The data of Fig. 3 showed the association of serum 25(OH)D concentrations and all-cause mortality as stratified by age, race, BMI, and race/ethnicity, history of hypertension, and history of diabetes. In subgroup analysis, lower serum 25(OH)D levels (< 73.89 nmol/L) and higher 25(OH)D concentrations (≥ 73.89 nmol/L) present similar advantages for survival rate among postmenopausal females. Additionally, our results showed a stronger inverse relationship between serum 25(OH)D concentrations and all-cause mortality in older, white, with no history of diabetes postmenopausal women.
In this large prospective cohort study, we revealed the association between serum 25(OH)D concentrations and all-cause and CVD mortality of postmenopausal women. The results indicated a L-shaped relationship between serum 25 (OH) D levels and all-cause mortality for postmenopausal females, while it seems to be a U-shaped with CVD mortality. That means within a certain range, lower serum 25 (OH) D levels were significantly associated with higher risk of all-cause and CVD mortality.
According to Clinical Practice guidelines of Endocrine Society, our result indicated that 65.34% of postmenopausal females have suffering serum 25(OH)D insufficiency, which means vitamin D deficiency was commonly present in women of postmenopausal. And above result is consistent with previous researches [26,27,28]. Our data also suggested that compared to postmenopausal women with serum 25(OH)D ≥ 25.00 nmol/L, those with serum 25(OH)D < 25.00 nmol/L had higher all-cause mortality and CVD mortality.

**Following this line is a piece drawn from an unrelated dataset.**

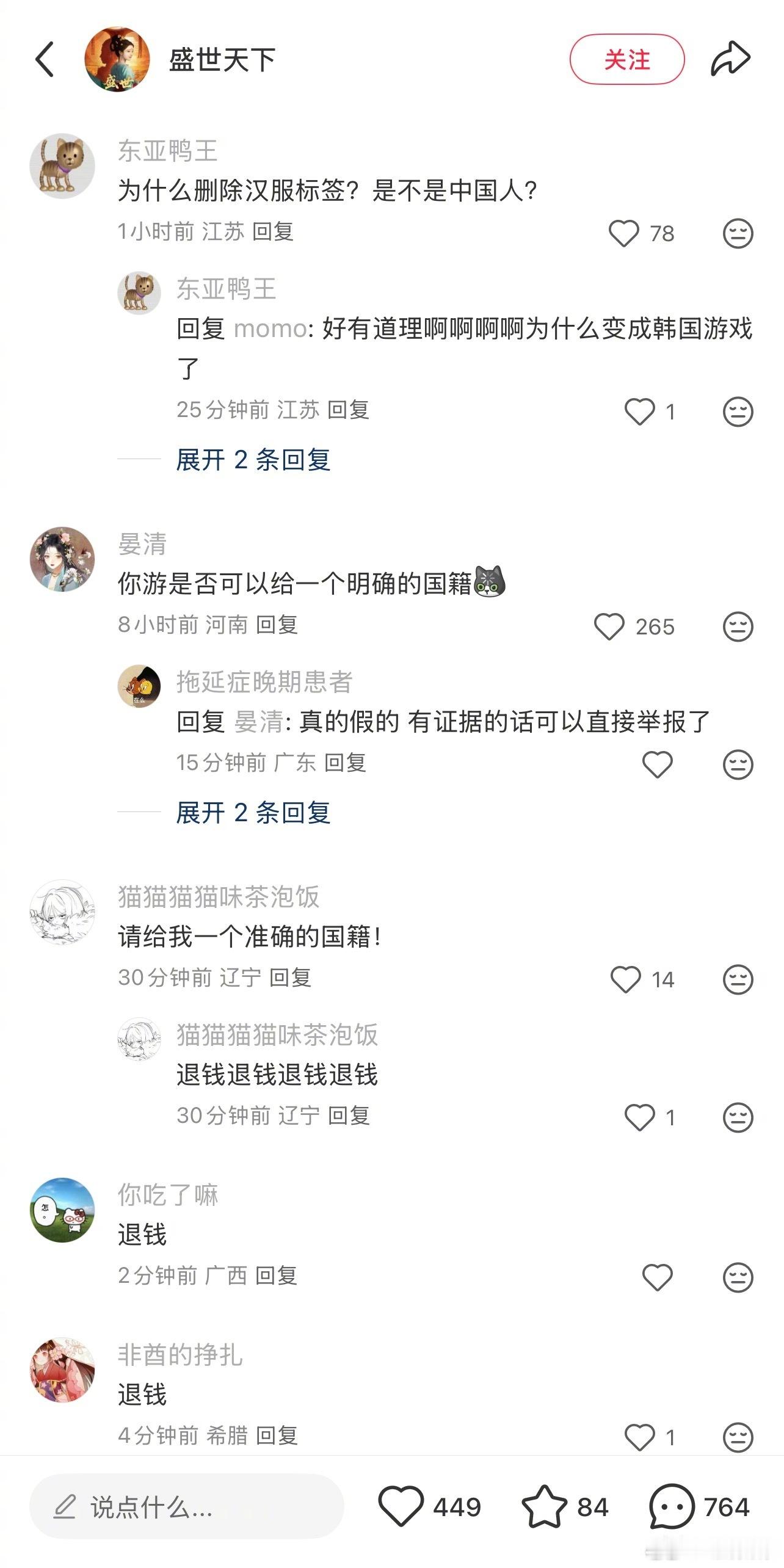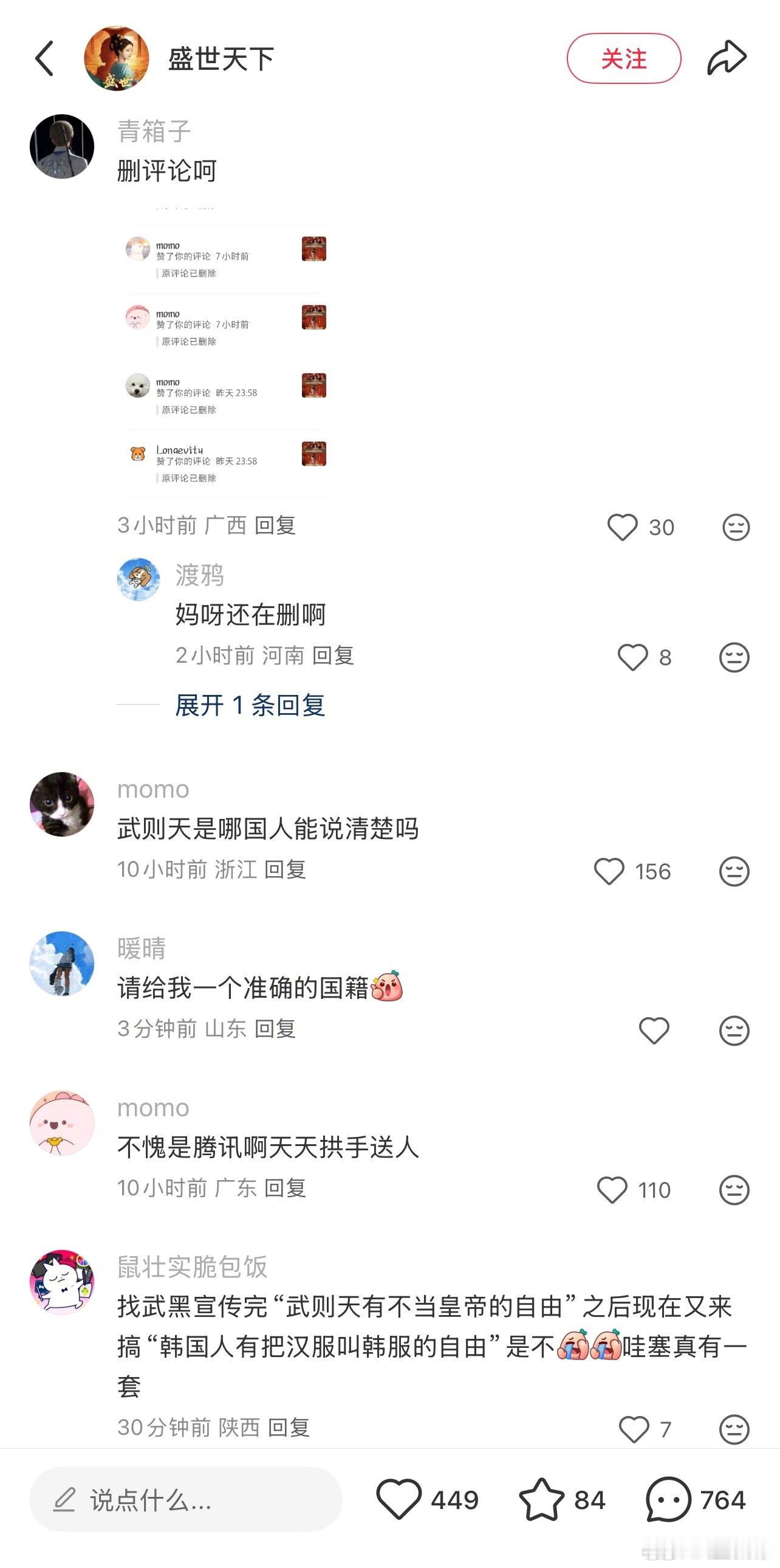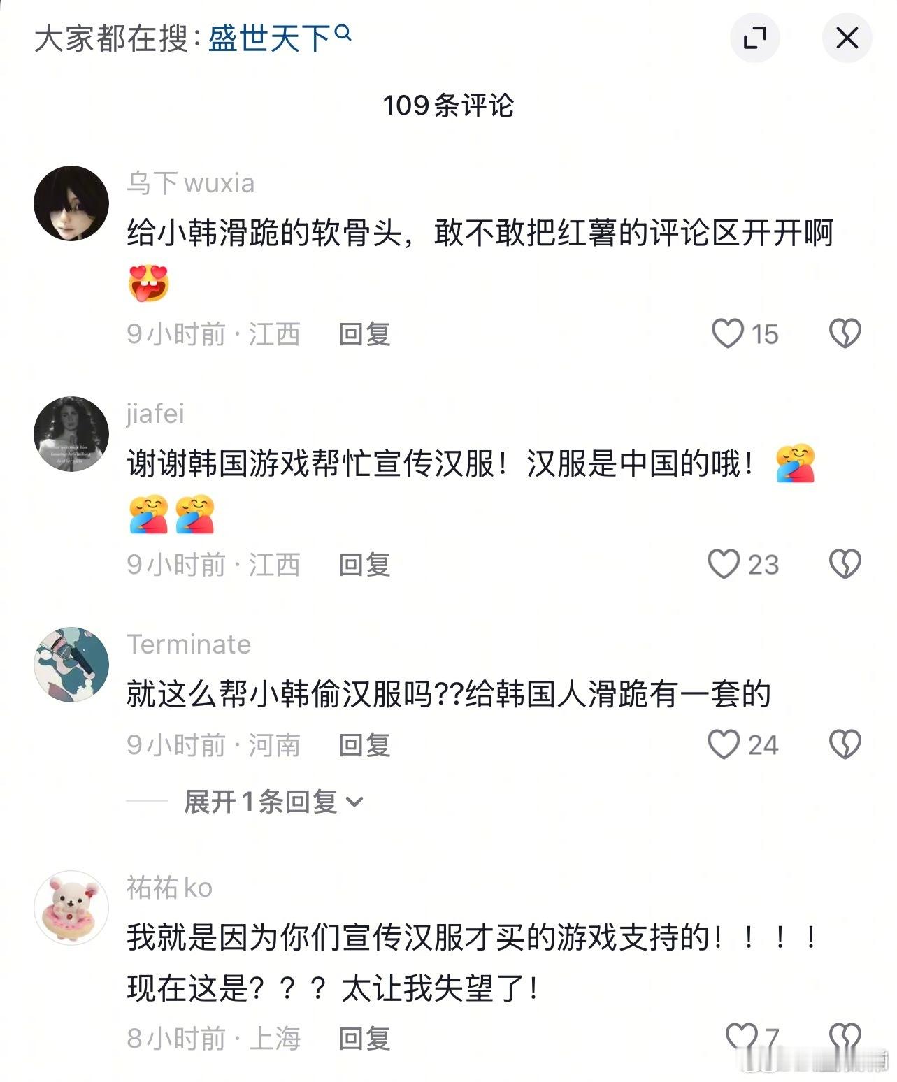 《盛世天下》官方在推特发帖带了汉服tag,被🇰🇷人骂偷韩服,随后官方把汉服tag删了,自己家的东西你也滑跪,你们知道这种行为代表什么吗[费解]

Vitamin D deficiency may have adverse effects on the immune system and increase the risk of acute respiratory infections. The mortality rate of COVID-19 patients in recent years is positively correlated with Vitamin D deficiency [17, 18]. And another meta-analysis indicated that COVID-19 positive patients have lower serum Vitamin D concentrations, which is more prominent in women . Although there is currently no research to elucidate the relationship between vitamin D concentration and the onset and progression of COVID-19 in postmenopausal women, it is still recommended that supplementing vitamin D may reduce the severity of COVID-19 infection .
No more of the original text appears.